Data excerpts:
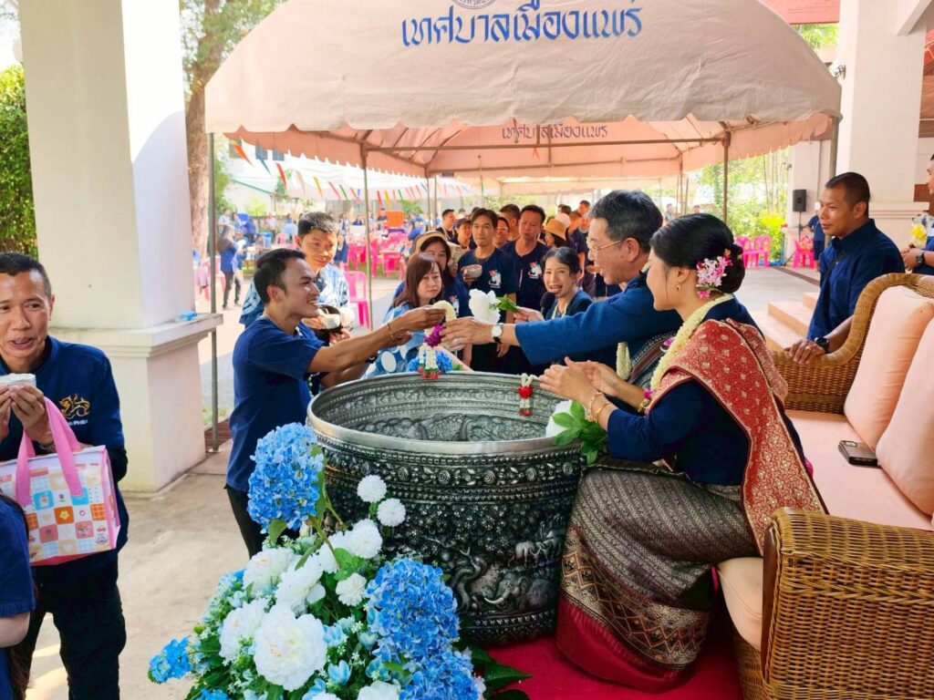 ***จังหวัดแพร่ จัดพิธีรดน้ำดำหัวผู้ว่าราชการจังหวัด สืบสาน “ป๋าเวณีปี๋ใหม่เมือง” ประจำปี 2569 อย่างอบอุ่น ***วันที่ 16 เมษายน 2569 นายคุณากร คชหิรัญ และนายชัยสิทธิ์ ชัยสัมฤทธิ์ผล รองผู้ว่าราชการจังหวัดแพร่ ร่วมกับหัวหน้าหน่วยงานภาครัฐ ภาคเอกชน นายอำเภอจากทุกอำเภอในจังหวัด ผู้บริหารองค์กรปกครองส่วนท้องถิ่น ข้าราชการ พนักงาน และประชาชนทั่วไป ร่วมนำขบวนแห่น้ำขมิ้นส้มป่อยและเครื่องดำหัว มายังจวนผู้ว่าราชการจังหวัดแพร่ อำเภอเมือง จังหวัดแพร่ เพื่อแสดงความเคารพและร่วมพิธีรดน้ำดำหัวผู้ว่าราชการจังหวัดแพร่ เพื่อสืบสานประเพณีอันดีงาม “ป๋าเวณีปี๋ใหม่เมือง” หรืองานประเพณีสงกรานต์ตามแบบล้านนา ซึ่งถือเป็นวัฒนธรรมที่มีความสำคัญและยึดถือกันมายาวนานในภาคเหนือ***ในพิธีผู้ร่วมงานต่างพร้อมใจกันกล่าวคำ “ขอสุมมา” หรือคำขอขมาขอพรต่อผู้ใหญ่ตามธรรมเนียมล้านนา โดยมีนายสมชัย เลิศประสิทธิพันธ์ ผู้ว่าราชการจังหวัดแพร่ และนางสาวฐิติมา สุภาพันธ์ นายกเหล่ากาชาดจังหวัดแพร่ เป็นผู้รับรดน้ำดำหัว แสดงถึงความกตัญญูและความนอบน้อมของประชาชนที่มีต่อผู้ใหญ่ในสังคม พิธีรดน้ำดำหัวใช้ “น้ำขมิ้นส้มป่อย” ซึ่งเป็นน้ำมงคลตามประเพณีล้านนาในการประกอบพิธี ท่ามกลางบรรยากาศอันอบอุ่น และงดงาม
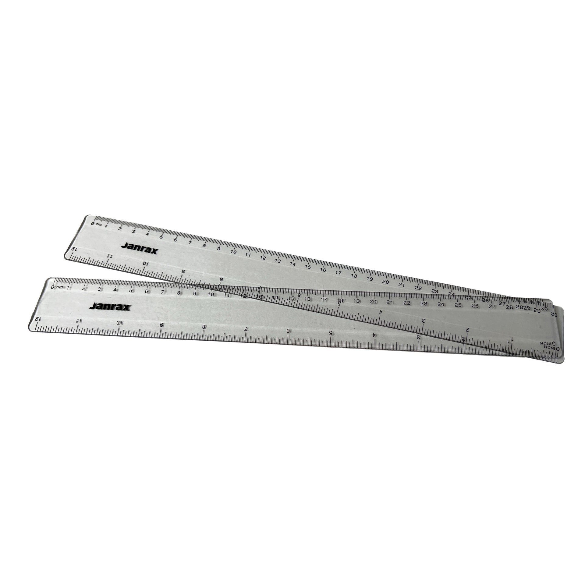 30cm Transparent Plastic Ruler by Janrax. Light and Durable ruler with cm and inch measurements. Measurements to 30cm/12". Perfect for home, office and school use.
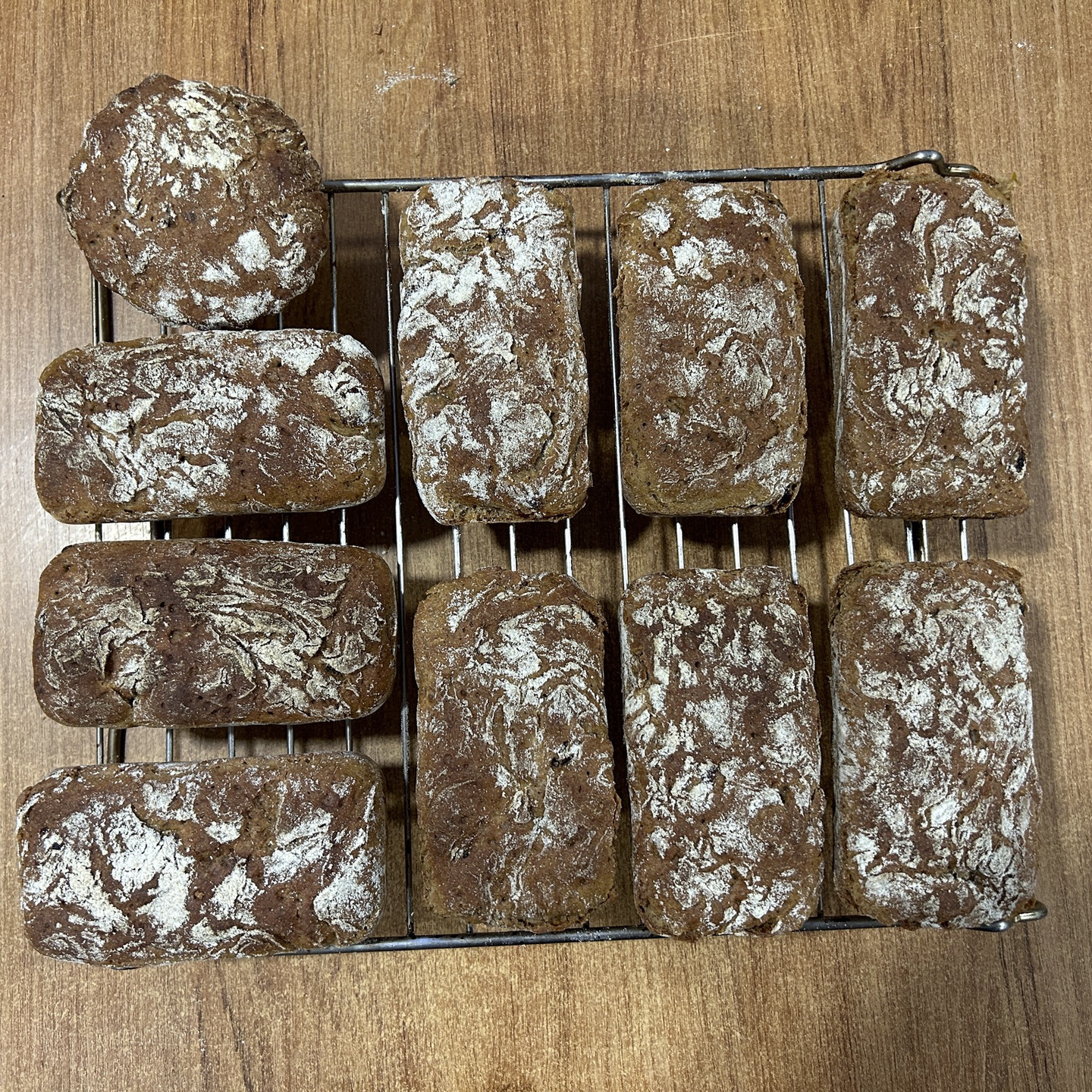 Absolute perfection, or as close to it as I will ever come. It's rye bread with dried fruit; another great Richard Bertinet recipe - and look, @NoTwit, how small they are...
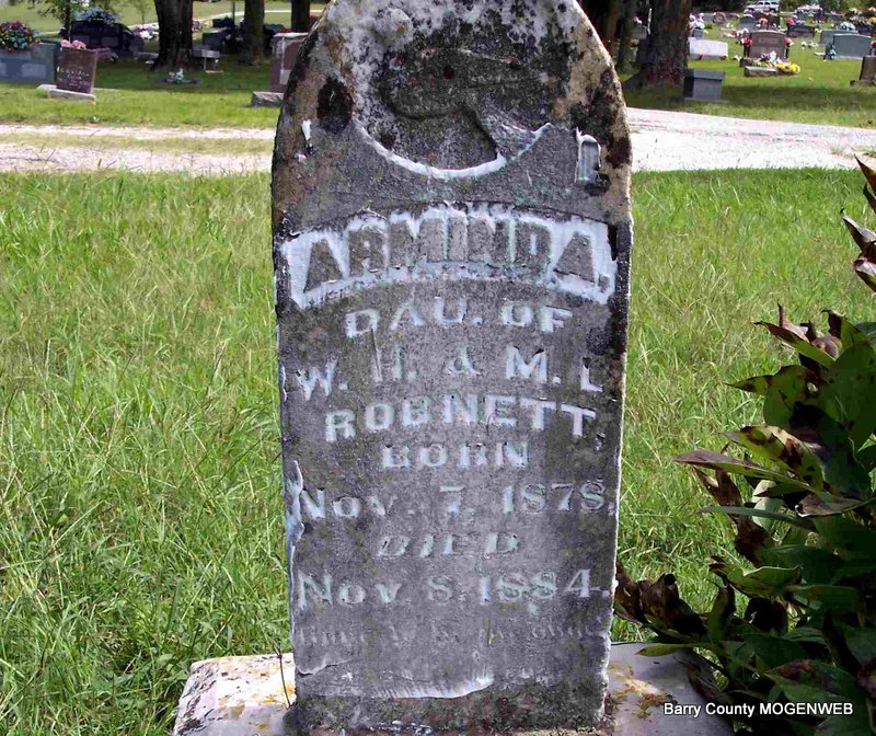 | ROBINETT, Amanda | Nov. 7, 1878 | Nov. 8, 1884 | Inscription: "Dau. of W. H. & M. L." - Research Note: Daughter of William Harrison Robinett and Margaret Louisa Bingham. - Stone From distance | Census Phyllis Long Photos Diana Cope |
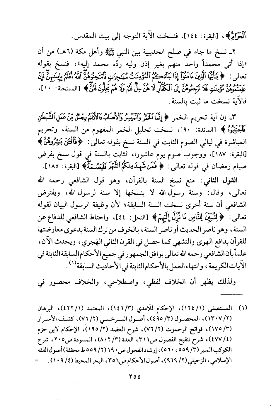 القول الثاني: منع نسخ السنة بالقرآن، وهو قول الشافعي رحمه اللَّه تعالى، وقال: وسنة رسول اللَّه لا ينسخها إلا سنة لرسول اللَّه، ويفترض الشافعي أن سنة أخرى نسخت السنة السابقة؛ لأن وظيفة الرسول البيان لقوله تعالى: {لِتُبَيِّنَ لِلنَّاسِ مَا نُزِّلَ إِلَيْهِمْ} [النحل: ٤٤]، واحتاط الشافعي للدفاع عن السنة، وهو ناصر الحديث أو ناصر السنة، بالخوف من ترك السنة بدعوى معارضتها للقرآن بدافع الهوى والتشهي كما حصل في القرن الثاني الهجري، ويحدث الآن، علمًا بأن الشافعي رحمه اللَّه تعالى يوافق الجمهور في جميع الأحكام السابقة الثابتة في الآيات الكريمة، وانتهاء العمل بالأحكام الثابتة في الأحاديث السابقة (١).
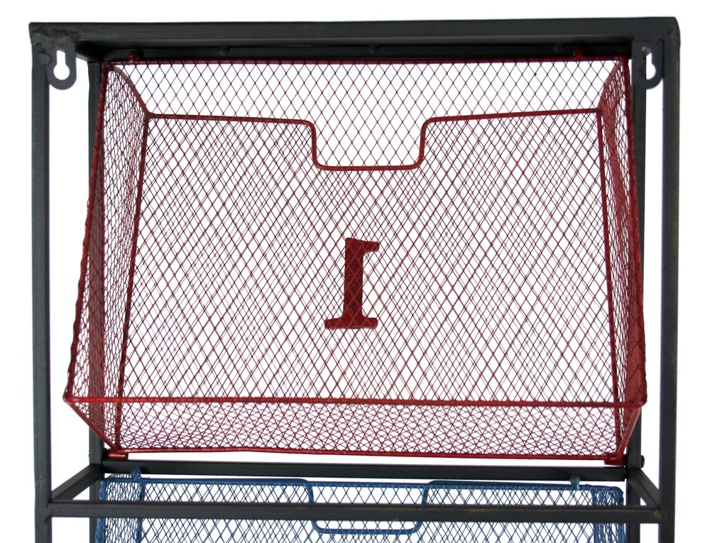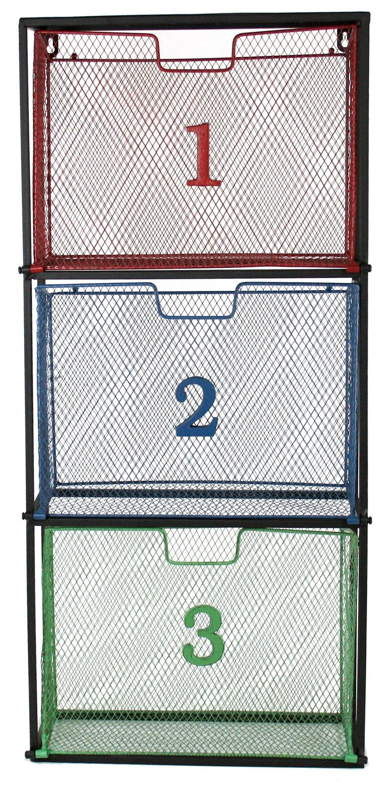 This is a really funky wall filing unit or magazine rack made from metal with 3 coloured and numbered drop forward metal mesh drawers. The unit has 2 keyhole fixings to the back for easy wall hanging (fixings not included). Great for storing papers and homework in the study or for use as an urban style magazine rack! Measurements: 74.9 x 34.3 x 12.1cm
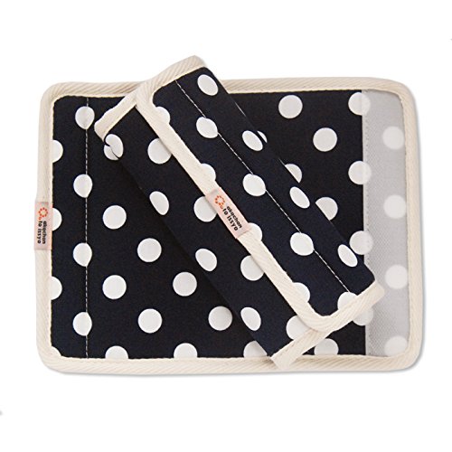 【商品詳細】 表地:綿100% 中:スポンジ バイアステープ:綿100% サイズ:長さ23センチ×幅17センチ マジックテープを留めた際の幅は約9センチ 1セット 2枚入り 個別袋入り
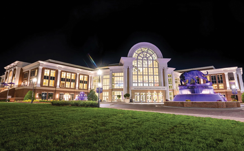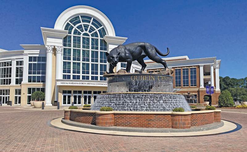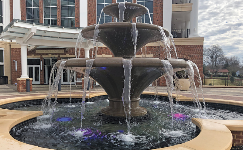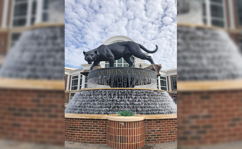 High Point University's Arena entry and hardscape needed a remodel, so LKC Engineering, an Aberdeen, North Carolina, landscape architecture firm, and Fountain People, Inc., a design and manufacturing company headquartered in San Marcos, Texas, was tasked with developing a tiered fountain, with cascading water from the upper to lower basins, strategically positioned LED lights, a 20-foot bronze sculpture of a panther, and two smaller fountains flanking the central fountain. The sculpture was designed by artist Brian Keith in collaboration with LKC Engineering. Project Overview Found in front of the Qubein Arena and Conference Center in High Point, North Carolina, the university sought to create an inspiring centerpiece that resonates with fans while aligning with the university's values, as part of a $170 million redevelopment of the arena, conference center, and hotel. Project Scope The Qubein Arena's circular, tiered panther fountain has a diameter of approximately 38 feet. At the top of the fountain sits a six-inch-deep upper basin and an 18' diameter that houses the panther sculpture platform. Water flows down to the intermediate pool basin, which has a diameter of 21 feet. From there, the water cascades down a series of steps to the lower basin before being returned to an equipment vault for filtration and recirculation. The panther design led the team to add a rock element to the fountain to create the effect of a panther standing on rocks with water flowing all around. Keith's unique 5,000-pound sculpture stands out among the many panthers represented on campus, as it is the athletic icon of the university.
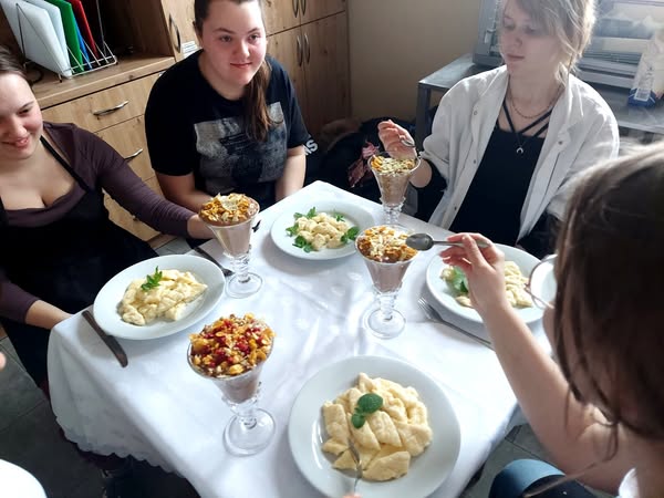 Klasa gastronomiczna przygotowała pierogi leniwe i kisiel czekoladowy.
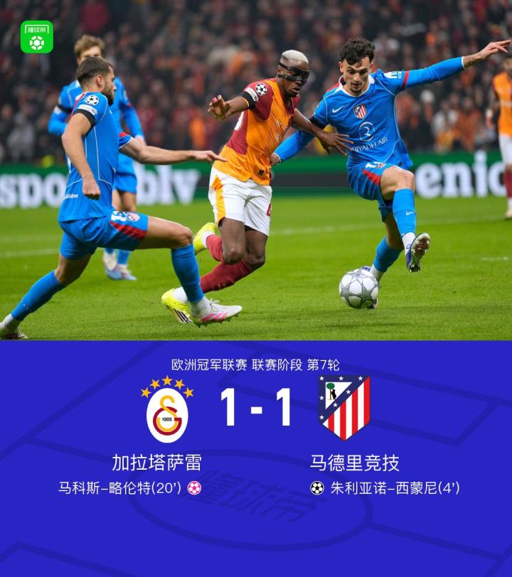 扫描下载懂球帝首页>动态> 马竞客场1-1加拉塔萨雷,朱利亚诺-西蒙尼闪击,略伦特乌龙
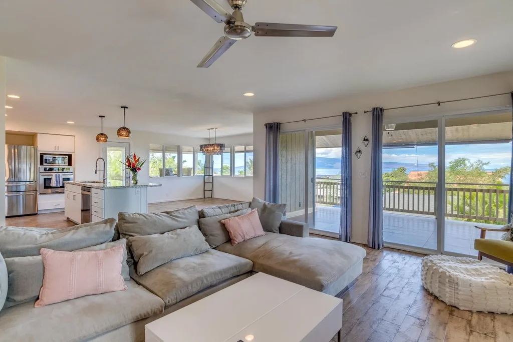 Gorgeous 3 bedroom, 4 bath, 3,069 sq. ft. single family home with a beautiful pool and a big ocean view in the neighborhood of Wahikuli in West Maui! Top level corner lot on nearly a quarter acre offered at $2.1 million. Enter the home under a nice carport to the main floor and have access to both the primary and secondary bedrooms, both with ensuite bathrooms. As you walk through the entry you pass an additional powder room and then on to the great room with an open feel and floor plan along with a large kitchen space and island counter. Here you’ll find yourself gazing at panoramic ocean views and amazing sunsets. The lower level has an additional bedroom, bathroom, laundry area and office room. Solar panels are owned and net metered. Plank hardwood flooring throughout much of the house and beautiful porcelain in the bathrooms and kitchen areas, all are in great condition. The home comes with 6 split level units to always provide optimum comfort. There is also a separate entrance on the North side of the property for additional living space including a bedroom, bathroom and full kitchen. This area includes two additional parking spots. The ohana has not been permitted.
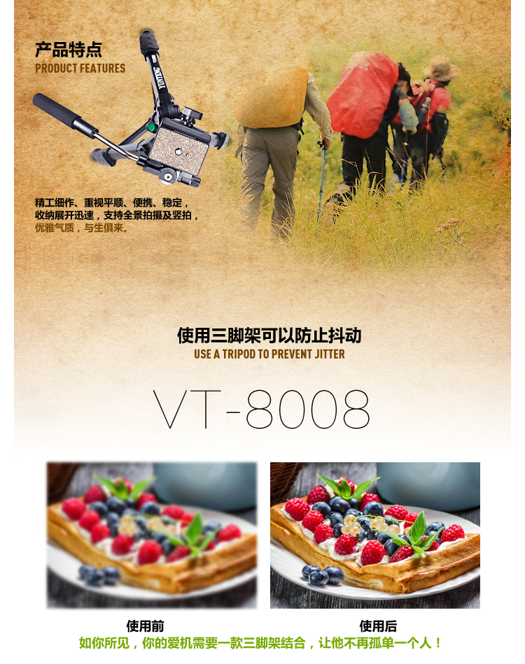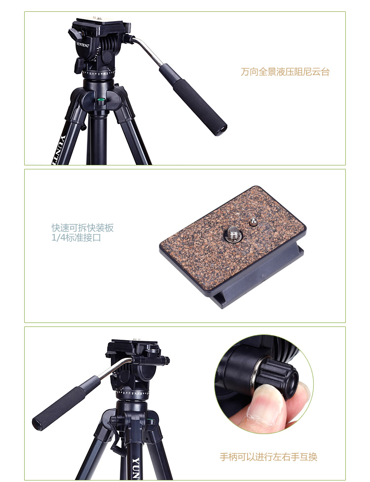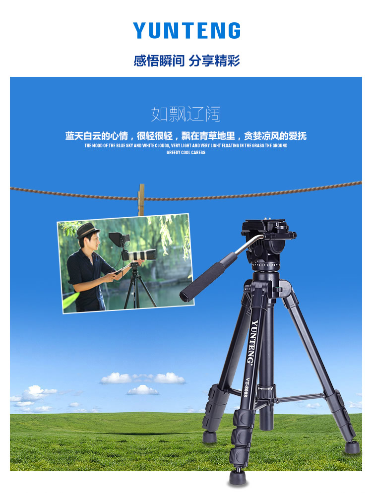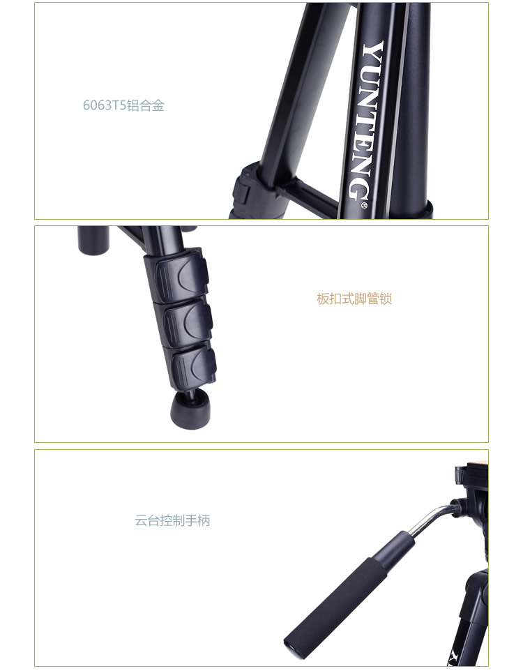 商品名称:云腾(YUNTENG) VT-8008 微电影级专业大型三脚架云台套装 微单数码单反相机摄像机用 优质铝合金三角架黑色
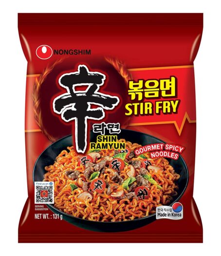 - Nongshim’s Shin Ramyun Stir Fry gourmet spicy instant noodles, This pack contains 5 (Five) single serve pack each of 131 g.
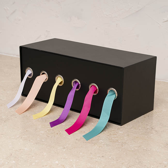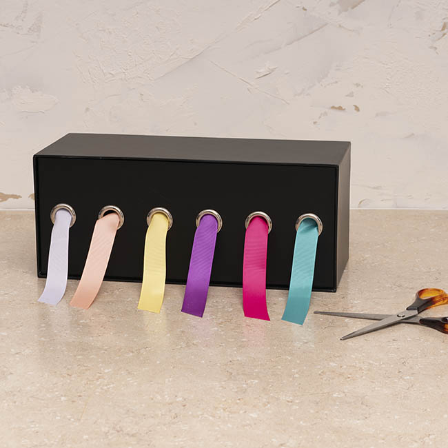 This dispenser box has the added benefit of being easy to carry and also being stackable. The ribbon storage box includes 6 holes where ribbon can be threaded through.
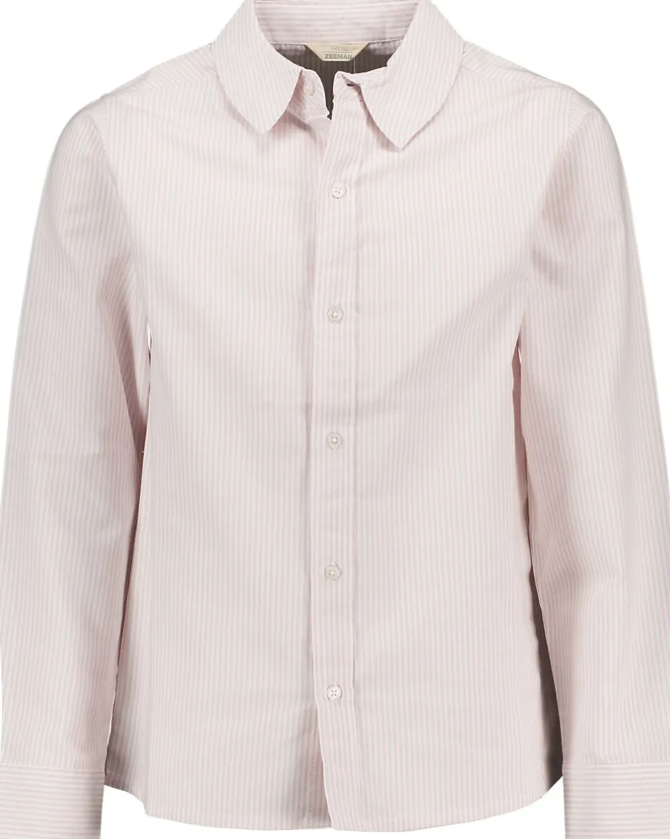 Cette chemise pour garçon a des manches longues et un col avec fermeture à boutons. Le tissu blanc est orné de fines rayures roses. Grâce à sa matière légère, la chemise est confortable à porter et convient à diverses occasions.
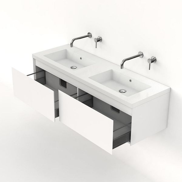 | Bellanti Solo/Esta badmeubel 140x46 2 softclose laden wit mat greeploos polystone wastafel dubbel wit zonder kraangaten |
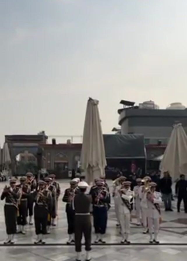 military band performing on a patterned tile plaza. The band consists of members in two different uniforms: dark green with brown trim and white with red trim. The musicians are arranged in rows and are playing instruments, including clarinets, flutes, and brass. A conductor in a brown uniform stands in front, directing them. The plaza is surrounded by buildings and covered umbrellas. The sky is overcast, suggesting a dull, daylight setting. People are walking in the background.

▸ Problem details
Transcribe only the lines above that start at the line containing "30cm Transparent Plastic" and end at the line containing "Diana Cope |". Omit pictures.

▸ Solution below
 30cm Transparent Plastic Ruler by Janrax. Light and Durable ruler with cm and inch measurements. Measurements to 30cm/12". Perfect for home, office and school use.
 Absolute perfection, or as close to it as I will ever come. It's rye bread with dried fruit; another great Richard Bertinet recipe - and look, @NoTwit, how small they are...
 | ROBINETT, Amanda | Nov. 7, 1878 | Nov. 8, 1884 | Inscription: "Dau. of W. H. & M. L." - Research Note: Daughter of William Harrison Robinett and Margaret Louisa Bingham. - Stone From distance | Census Phyllis Long Photos Diana Cope |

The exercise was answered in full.